Work instructions |
I would like the lines below, from the one with "В связи с мошеннической" through the one with "Discover this beautiful", copied exactly and without any pictures.

════════════════

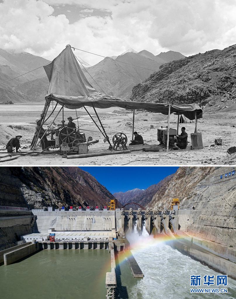 拼版照片:上圖是20世紀(jì)50年代,西藏工程勘察隊鉆探組在選定的拉薩水力發(fā)電廠廠址,用從東北雞西礦務(wù)局機械總廠運來的鉆探機進行鉆探(新華社記者任用昭攝);下圖是2018年10月26日拍攝的西藏首座大型水電站——藏木水電站(新華社發(fā) 董志雄攝)。新華社發(fā)
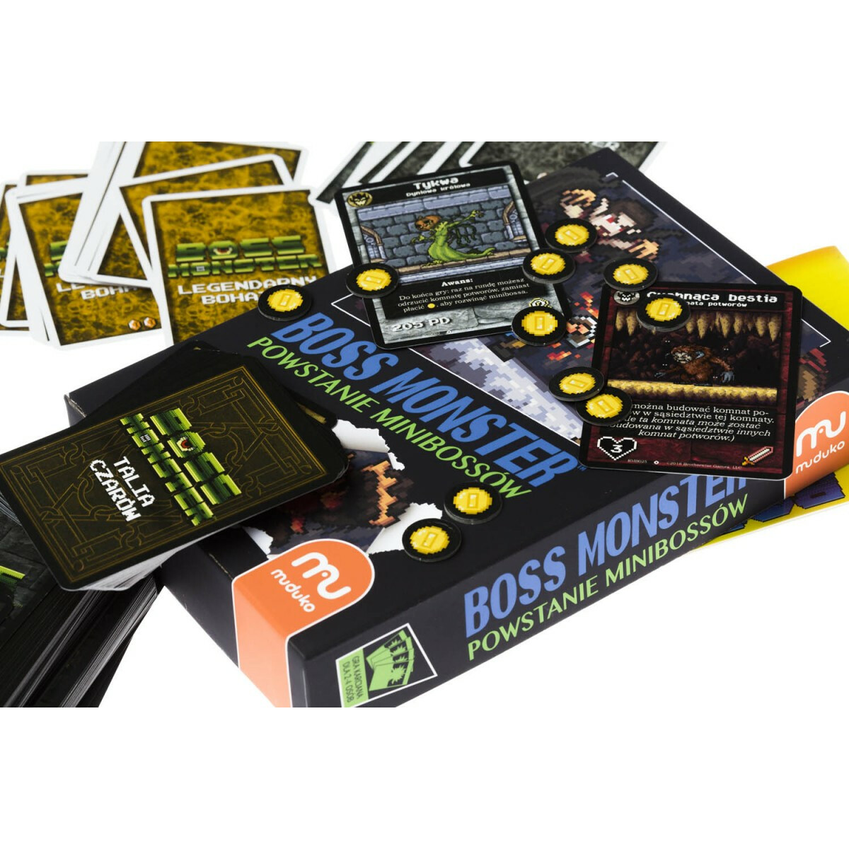 Powstanie Minibossów to trzecia już samodzielna część kultowej serii Boss Monster. Wprowadza całkiem nowe mechaniki monet i rekrutowania minibossów, które czynią rozgrywkę jeszcze bardziej atrakcyjną.
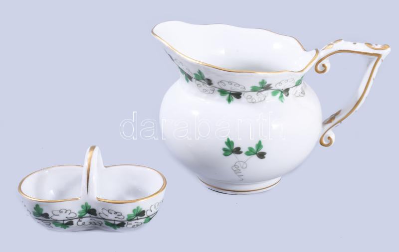 Herendi petrezselyemlevél mintás kiöntő és sóborskínáló, jelzett, hibá...
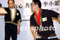 为纪念国际巨星李小龙逝世三十周年,六月十四日香港举行「龙的心、共抗炎,李小龙慈善珍藏电话卡公开发行」活动。图为李小龙弟子为宾客演示双节棍。钱兴强 摄
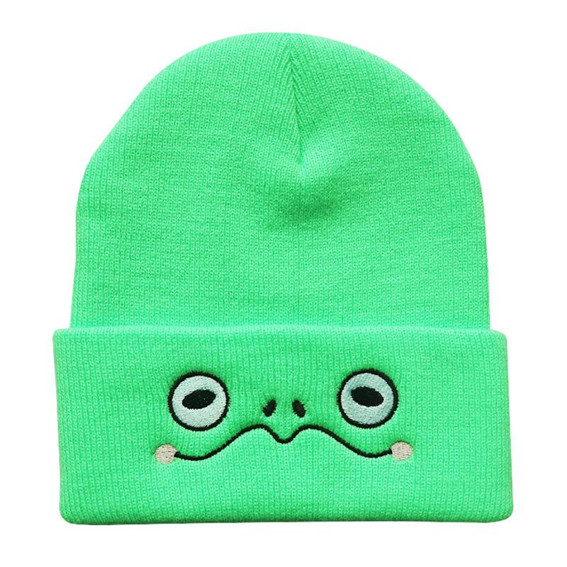 New men's and women's autumn and winter trendy cartoon beanie with sad frog eyes embroidery, warm knitted pullover hat — купить товар онлайн с бесплатной доставкой по всему миру!
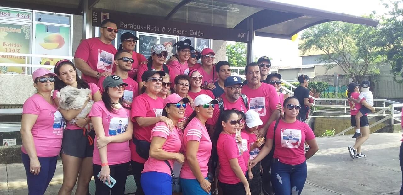 La familia Carvajal Leandro llegó en pelota a la caminata de la Fundación Anna Ross para apoyar a doña Abigaíl, una limonense de 69 años que recibe tratamiento para detener el avance de un tumor que le está invadiendo los huesos.
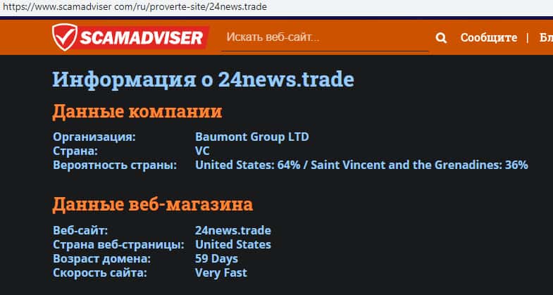 В связи с мошеннической и противозаконной деятельностью лохотрона 24 Ньюс Трейд его реальные руководители предпочитают анонимность дабы избежать ответственности со стороны правоохранительных органов. Техническую же информацию о сайте жулья 24News Trade можно узнать с помощью портала scamadviser com, что вы можете увидеть ниже.
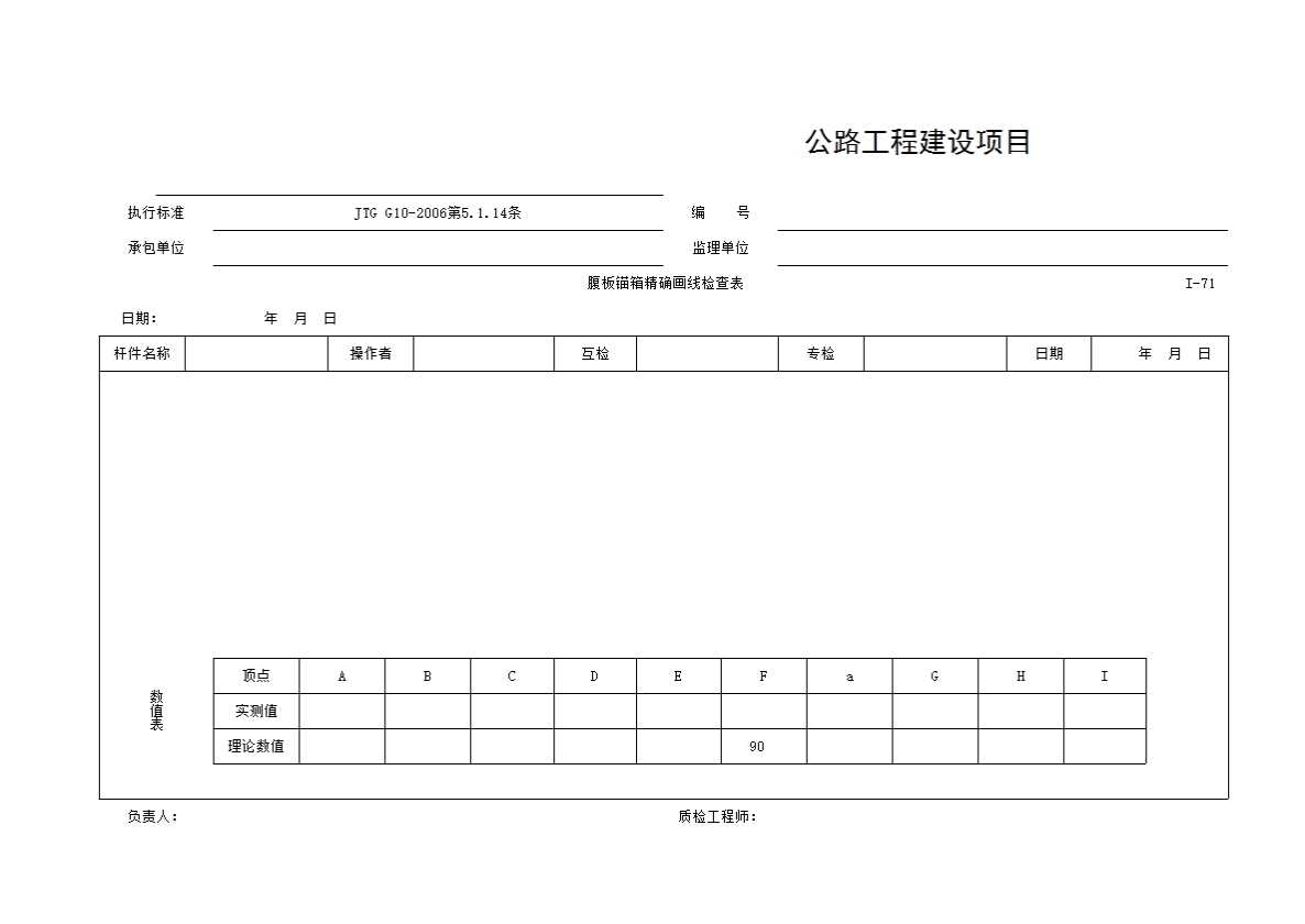 表格名称:I-71表 腹板锚箱精确画线检查表
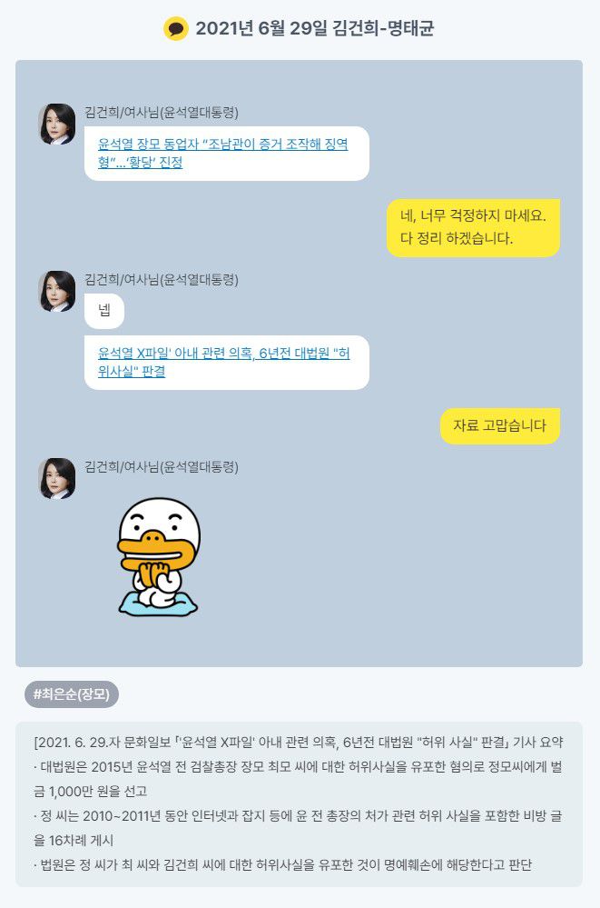 4. 메시지 창 하단의 텍스트는 수사 보고서에 포함돼 있는 ‘참고 사항’으로, 수사관이 대화의 이해를 돕기 위해 첨부한 기사 요약 및 사실 확인 내용이다.
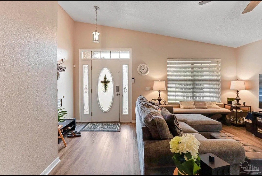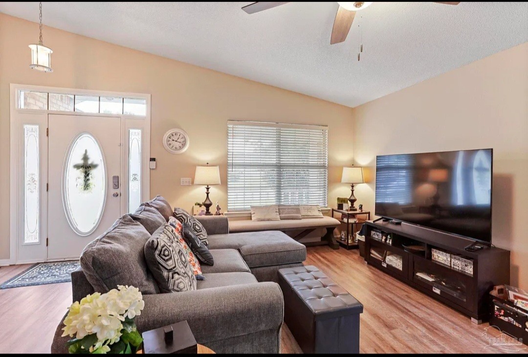 Discover this beautiful home in the Ashley Place subdivision, This nicely updated 3-bedroom, 2-bath residence, and 2-car garage offers a warm and inviting atmosphere, conveniently located near shopping, hospitals, schools, and I-10. Upon entering, you'll be greeted by a spacious dining area and recent LVP flooring and carpet throughout. The kitchen features beautifully refaced cabinets, new granite countertops and backsplash, a pantry, newer appliances, and ample counter and cabinet space. The expansive living area, complete with a wood-burning fireplace, provides a cozy and welcoming environment. All bedrooms are thoughtfully situated on one side of the home. Two of the bedrooms are located at the front, along with a full bathroom. The large master bedroom, offering a walk-in closet, is privately positioned off the living area. This home has received numerous updates, including light fixtures, fresh paint, carpet, blinds, bathroom mirrors, and vanity. The master bathroom has new quartz countertops and a newly tiled shower with shower head, hand sprayer and sliding glass doors. The backyard is perfect for outdoor entertaining, featuring a lovely deck, a firepit, and a privacy fence. Not to mention you have the added privacy of no neighbors behind you or to your right. Don't miss the chance to make this house your charming home!
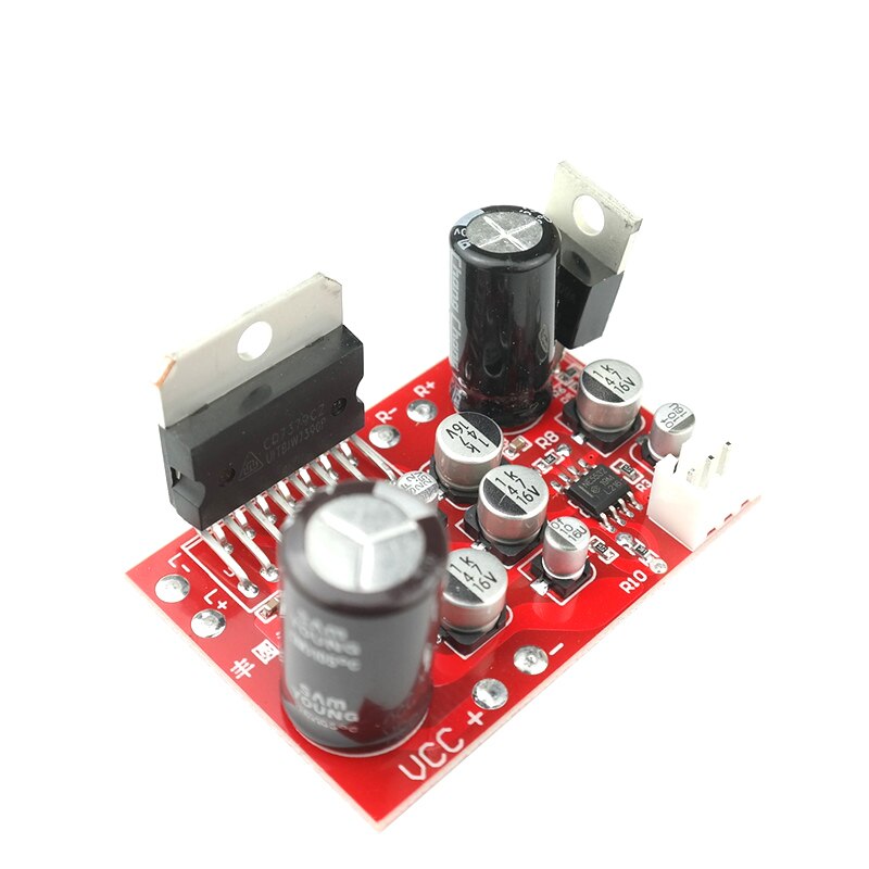 Плата аудио стерео усилителя построена из двух микросхем с минимальной необходимой обвязкой: предварительный операционный усилитель AD828 и популярный 4-канальный усилитель мощности TDA7379. Благодаря встроенному высокопроизводительному преобразователю слабого сигнала AD828, к стереофоническому модулю можно беспрепятственно подключать ЦАП, микрофон, звукосниматель, электрогитару и прочие похожие источники аналогового звука. Вход усилителя AD828 оснащён штырьевыми контактами. В комплектацию с модулем прилагается перемычка-джампер, применяемая для замыкания свободного входного канала с общим выводом, если первоисточник звукосигнала монофонический. Регулировка громкости звука на выходе усилителя осуществляется входящим аудиосигналом.
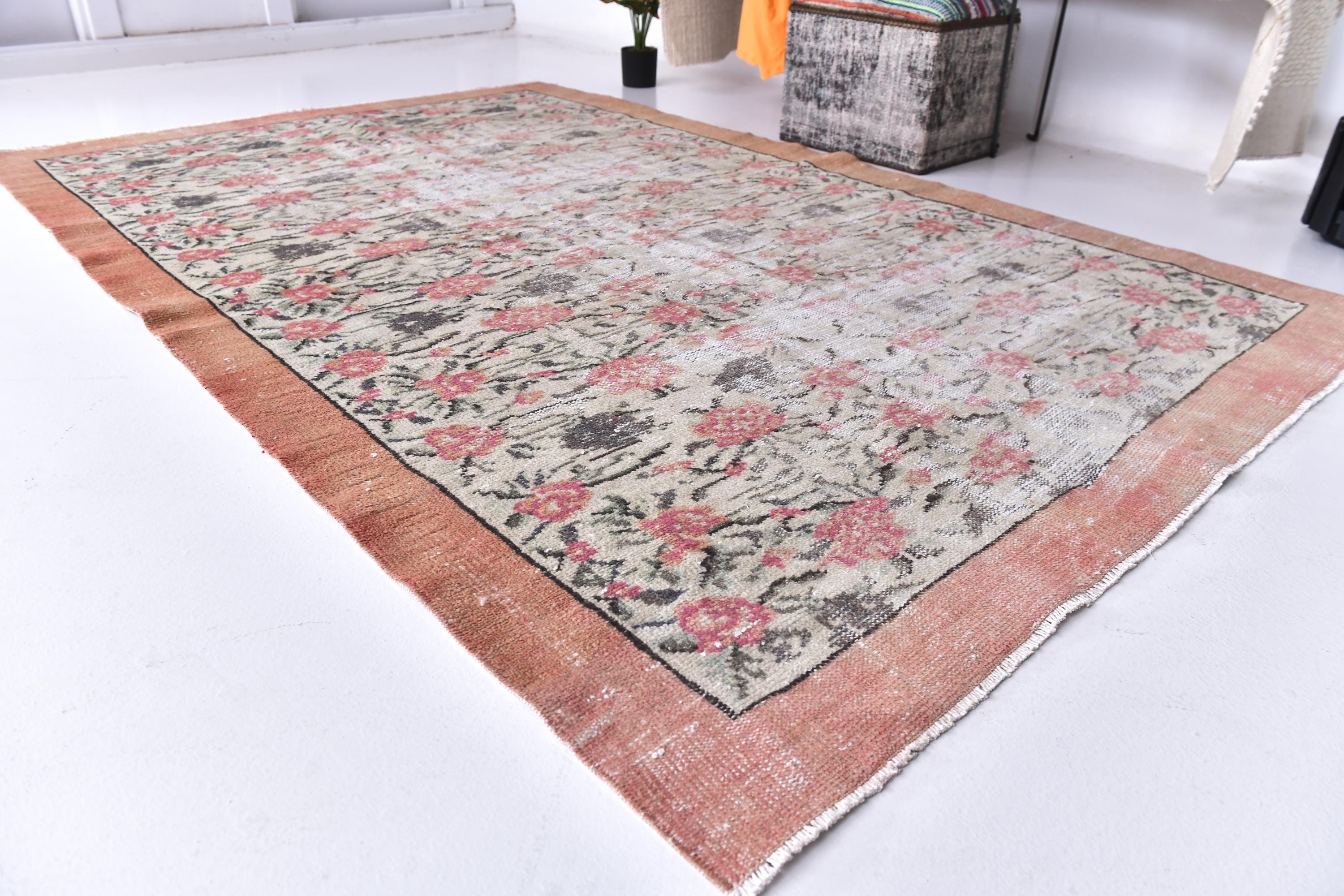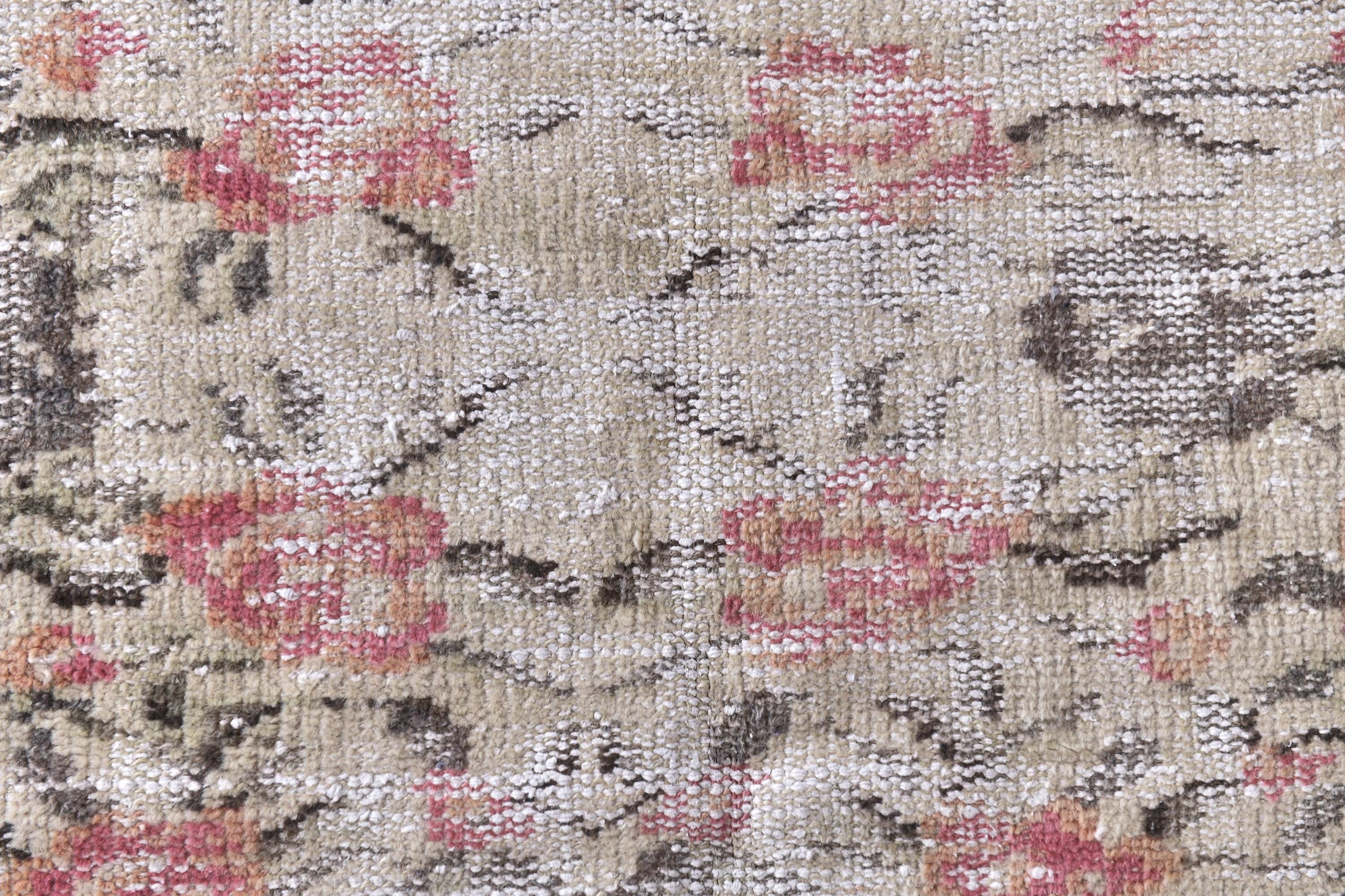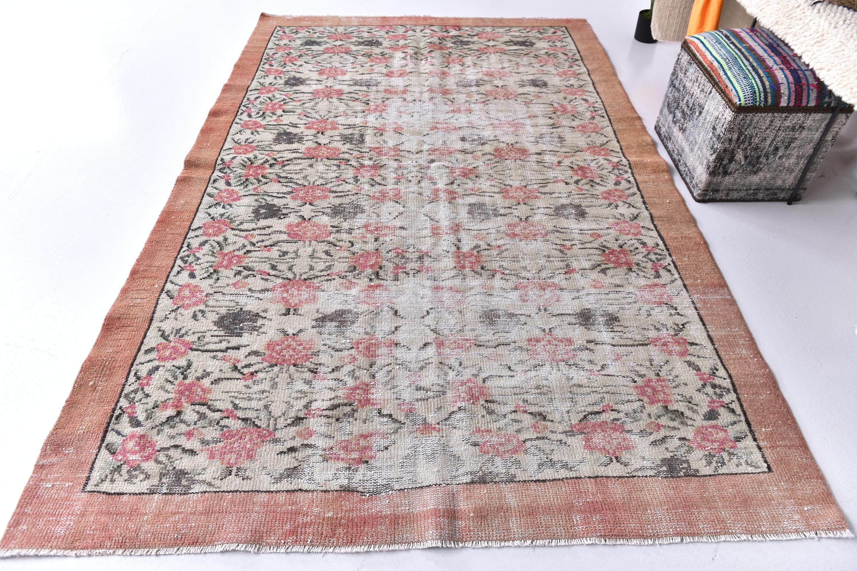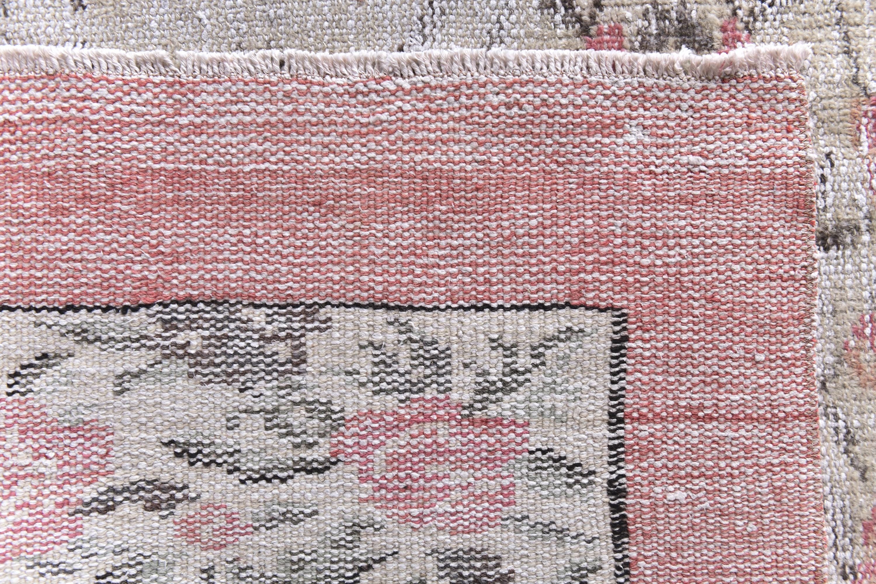 📜📌 Antique Turkish Oushak area rug with worn vintage character showing neutral gray field scattered with pink and coral floral motifs and wide salmon pink border frame. Hand-woven oversized wool carpet with distressed finish in muted tones including rose, taupe, charcoal, and sage with traditional botanical design.

════════════════

Reply to the task |
 В связи с мошеннической и противозаконной деятельностью лохотрона 24 Ньюс Трейд его реальные руководители предпочитают анонимность дабы избежать ответственности со стороны правоохранительных органов. Техническую же информацию о сайте жулья 24News Trade можно узнать с помощью портала scamadviser com, что вы можете увидеть ниже.
 表格名称:I-71表 腹板锚箱精确画线检查表
 4. 메시지 창 하단의 텍스트는 수사 보고서에 포함돼 있는 ‘참고 사항’으로, 수사관이 대화의 이해를 돕기 위해 첨부한 기사 요약 및 사실 확인 내용이다.
 Discover this beautiful home in the Ashley Place subdivision, This nicely updated 3-bedroom, 2-bath residence, and 2-car garage offers a warm and inviting atmosphere, conveniently located near shopping, hospitals, schools, and I-10. Upon entering, you'll be greeted by a spacious dining area and recent LVP flooring and carpet throughout. The kitchen features beautifully refaced cabinets, new granite countertops and backsplash, a pantry, newer appliances, and ample counter and cabinet space. The expansive living area, complete with a wood-burning fireplace, provides a cozy and welcoming environment. All bedrooms are thoughtfully situated on one side of the home. Two of the bedrooms are located at the front, along with a full bathroom. The large master bedroom, offering a walk-in closet, is privately positioned off the living area. This home has received numerous updates, including light fixtures, fresh paint, carpet, blinds, bathroom mirrors, and vanity. The master bathroom has new quartz countertops and a newly tiled shower with shower head, hand sprayer and sliding glass doors. The backyard is perfect for outdoor entertaining, featuring a lovely deck, a firepit, and a privacy fence. Not to mention you have the added privacy of no neighbors behind you or to your right. Don't miss the chance to make this house your charming home!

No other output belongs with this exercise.